EXERCISE DATA
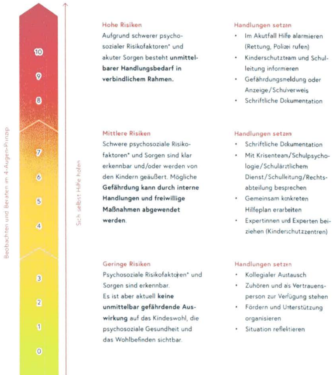
Abbildung: Sorgenbarometer

Psychosoziale Risikofaktoren siehe Leitfaden Kinderschutz und Schule, Punkt 3. Symptome & Folgen von Gewalt: Sichtbare (körperliche) Hinweise, Anzeichen im Leistungsbereich, emotionale und soziale Verhaltensauffälligkeiten.
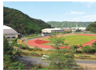
奄美市名瀬運動公園
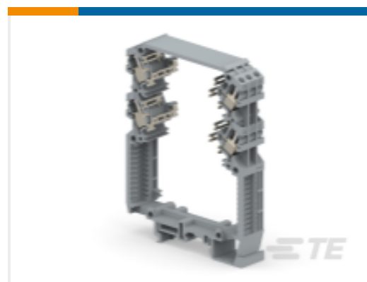
TE 产品编号1SNA116522R0700 BFU2.S12.G
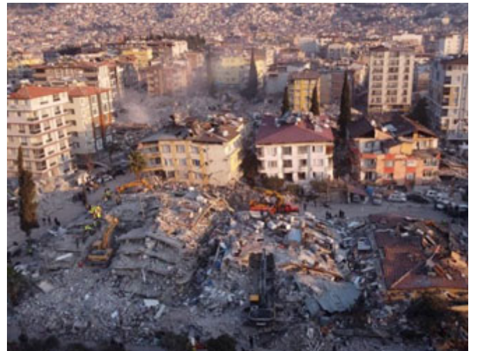
الزلازل المدّرة الذي ضرب تركيا وسورية

وبعد: فما زال الحدث الأبرز في الأيام الأخيرة هو ذلك الزلزال المدّرة الذي ضرب أجزاء من تركيا وسورية، وهذا الحدث على ما فيه من مأس شديدة إلا أنّ فيه أيضاً من رحمة الله تعالى ولطفه الشيء الكثير، وعند حدوث أي ظاهرة كونية تكتر أسئلة الناس حول هذه الظاهرة، ويكثر الأخذ والرد، ويكثر القيل والقال، ولا بد دائماً للخطاب الديني أن يتناول هذه الظواهر الكونية من وجهة نظر شرعية؛ لأنها الوجهة الوحيدة التي تأتي متكاملة غير منقوصة، فلا بد أن نصي على هذه الأحداث الأخيرة من منظور إيماني، وقيل كل شيء، ولأن كثيراً من الإخوة يتابعوننا عبر وسائل التواصل فلا بد أن نعزي كل من فقد قريباً، أو حبيباً، أو أخاً، أو صديقاً، أو أي أحد من المسلمين في هذه الكارثة.

REQUIRED WORK
The lines to write out are those from the first line of the listing above through the line bearing "الزلازل المدّرة الذي ضرب تركيا وسورية", both included, copied exactly with pictures dropped.

RESULT OF THIS EXERCISE
Abbildung: Sorgenbarometer

Psychosoziale Risikofaktoren siehe Leitfaden Kinderschutz und Schule, Punkt 3. Symptome & Folgen von Gewalt: Sichtbare (körperliche) Hinweise, Anzeichen im Leistungsbereich, emotionale und soziale Verhaltensauffälligkeiten.
奄美市名瀬運動公園
TE 产品编号1SNA116522R0700 BFU2.S12.G
الزلازل المدّرة الذي ضرب تركيا وسورية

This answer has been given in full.